When it comes to peculiar numbers, pi is blasé. Whether you're looking for your next four-digit phone passcode or just something to talk about the next time you bump into a mathematician, we've got you covered with these intriguing collections of digits.
1. The Münchhausen number: 3435
Named after 18th century German nobleman Baron Hieronymus von Münchhausen—whose tall tales were turned into fictional stories that included riding a cannonball and visiting the moon—this number takes its name from its ability to “raise itself.” A Münchhausen number is one that equals the sum of its digits raised to each digit's power. Since 0^0 is not well-defined, the only Münchhausen numbers are 1 and 3435 = 3^3 + 4^4 + 3^3 + 5^5 = 27 + 256 + 27 + 3125.
The individuality of the number alone would be enough to interest us, but since it comes complete with a pun based a fictional character, it’s more than deserving of a place on our list.
2. The Self-Descriptive Number: 6210001000
There is precisely one base-10 number that meets the criteria for a Self-Descriptive number: a 10-digit number where the digits can be numbered 0 to 9, and any digit n is the number of ns in the number:
6 = 0, so there are six zeros in the number.2 = 1, so there is one two in the number.1 = 2, so there are two ones in the number.0 = 3, so there are zero threes in the number.0 = 4, so there are zero fours in the number.
And so on.
3. Kaprekar’s Constant: 6174
Why constant? Because if you perform the following process, Kaprekar's routine, the operation will always yield 6174 in no more than seven iterations.
Take any four-digit number, using at least two different digits. (Leading zeros are allowed, to keep the number of digits at four.) Arrange the digits in descending and then in ascending order to get two four-digit numbers, adding leading zeros if necessary. Subtract the smaller number from the bigger number. Go back to step 2.
To illustrate the process, we’ll perform it on 7455.
7455 7554, 4557 7554 - 4557 = 2997 2997 → 9972 - 2799 = 7173 7173 → 7731 - 1377 = 6354 6354 → 6543 - 3546 = 3087 3087 → 8730 - 0378 = 8352 8352 → 8532 - 2358 = 6174, in six iterations of the routine.
Go on. Try it yourself. We'll wait.
4. The Hardy–Ramanujan number: 1729
This number got its start when British mathematician G. H. Hardy visited Indian mathematician Srinivasa Ramanujan while Ramanujan was ill in the hospital. Hardy later recalled:
I remember once going to see him when he was ill at Putney.

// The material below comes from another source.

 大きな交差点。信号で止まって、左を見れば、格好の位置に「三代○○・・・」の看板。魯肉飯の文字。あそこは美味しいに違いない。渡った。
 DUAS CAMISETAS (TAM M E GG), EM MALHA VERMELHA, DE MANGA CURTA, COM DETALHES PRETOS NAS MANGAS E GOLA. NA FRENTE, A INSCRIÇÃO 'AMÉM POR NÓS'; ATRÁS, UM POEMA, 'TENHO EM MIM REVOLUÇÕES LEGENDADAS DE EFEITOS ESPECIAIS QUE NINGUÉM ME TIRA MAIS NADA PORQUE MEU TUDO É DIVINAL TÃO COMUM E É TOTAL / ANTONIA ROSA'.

I had ridden in taxi cab number 1729 and remarked that the number seemed to me rather a dull one, and that I hoped it was not an unfavorable omen. ‘No,’ [Ramanujan] replied, ‘it is a very interesting number; it is the smallest number expressible as the sum of two cubes in two different ways.’

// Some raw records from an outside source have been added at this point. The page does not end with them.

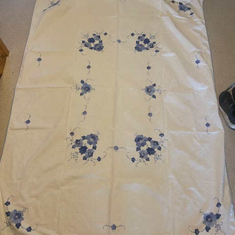 Duk med blomstermotiv 163 x 135 cm. Motivet er trykt på/ikke brodert. Stoffet har noen svak gule flekker.
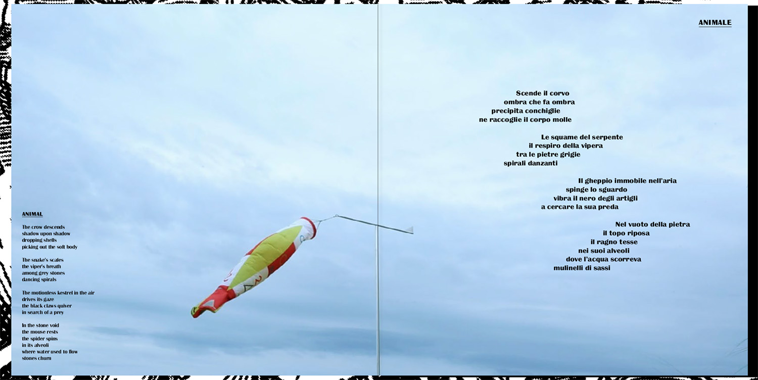 The publication contains texts by Claudia Losi; written following the collective experience of the "laboratori camminati" which involved different guests and local hiking groups on each instance to collect a variety of "views." The writing contains a variety of possible readings. The words put together by the artist as such become a storyline, based on the collected material and the shared walking experiences they are woven together from the vegetal, animal, human, as well as the geological and atmospheric realms. Furthermore, the words are inspired by works songs, women's songs in particular, in which the words form a "mapping" of the landscape through "the voices of the human beings who are part of it."
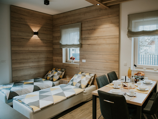 The apartment combines the Alpine wooden ambient with a modern elegant decor. It spreads over 40m2 and has a large atrium that spans two sides of the building and faces both east and west, spreading over 45m2 and offering a beautiful view of the mountains. Apartment Jasna can accommodate up to 5 people and features a joint living room and kitchen, a bedroom and a bathroom.
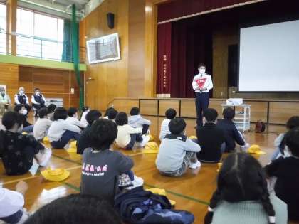 今日は、富山中央警察や北交番、交通安全協会、交通指導員、スクールガードリーダー、交通安全母の会から講師をお招きし、交通安全教室を行いました。
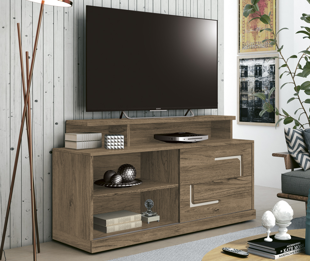 | Centro de entretenimientos retro, cuatro estantes, dos cajones y pintura UV de alta calidad. |
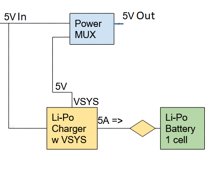 I want to make simple schematic, where a battery charger connected to the 5V bus. It should work like an UPS, I need 3A from charger back to 5V bus.

The two cubes are 1729 = 1^3 + 12^3 = 9^3 + 10^3. Numbers that are the smallest number expressible as the sum of two positive cubes in n distinct ways are called “taxicab numbers” for just this reason.
5. The Golden Ratio: 1.618...
This one is more of a mathematical expression where, if variables a and b are greater than zero, a + b : a :: a : b, which basically means that the sum of the variables is to the first variable as the first variable is to the second.

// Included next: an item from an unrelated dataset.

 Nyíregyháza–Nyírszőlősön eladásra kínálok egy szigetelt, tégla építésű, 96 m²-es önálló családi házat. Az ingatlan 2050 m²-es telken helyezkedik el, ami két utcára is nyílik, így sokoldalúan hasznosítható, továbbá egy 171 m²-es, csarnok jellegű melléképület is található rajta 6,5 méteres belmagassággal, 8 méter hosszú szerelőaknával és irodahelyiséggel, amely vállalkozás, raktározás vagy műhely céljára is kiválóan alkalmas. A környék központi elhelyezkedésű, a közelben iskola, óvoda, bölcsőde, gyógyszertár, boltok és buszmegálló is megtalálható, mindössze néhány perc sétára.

This ratio has been known since the Ancient Greeks, and some people see it represented in architectural works. For instance, the Great Mosque of Kairouan is often cited as a nearly perfect representation (but the jury is still out). Somewhere along the line people got the idea that this ratio is super sexy—though Euclid himself recorded it simply as “an extreme and mean ratio” in the Elements—and some modern designers deliberately incorporate it into their designs. More recently, its been found in certain patterns in nature.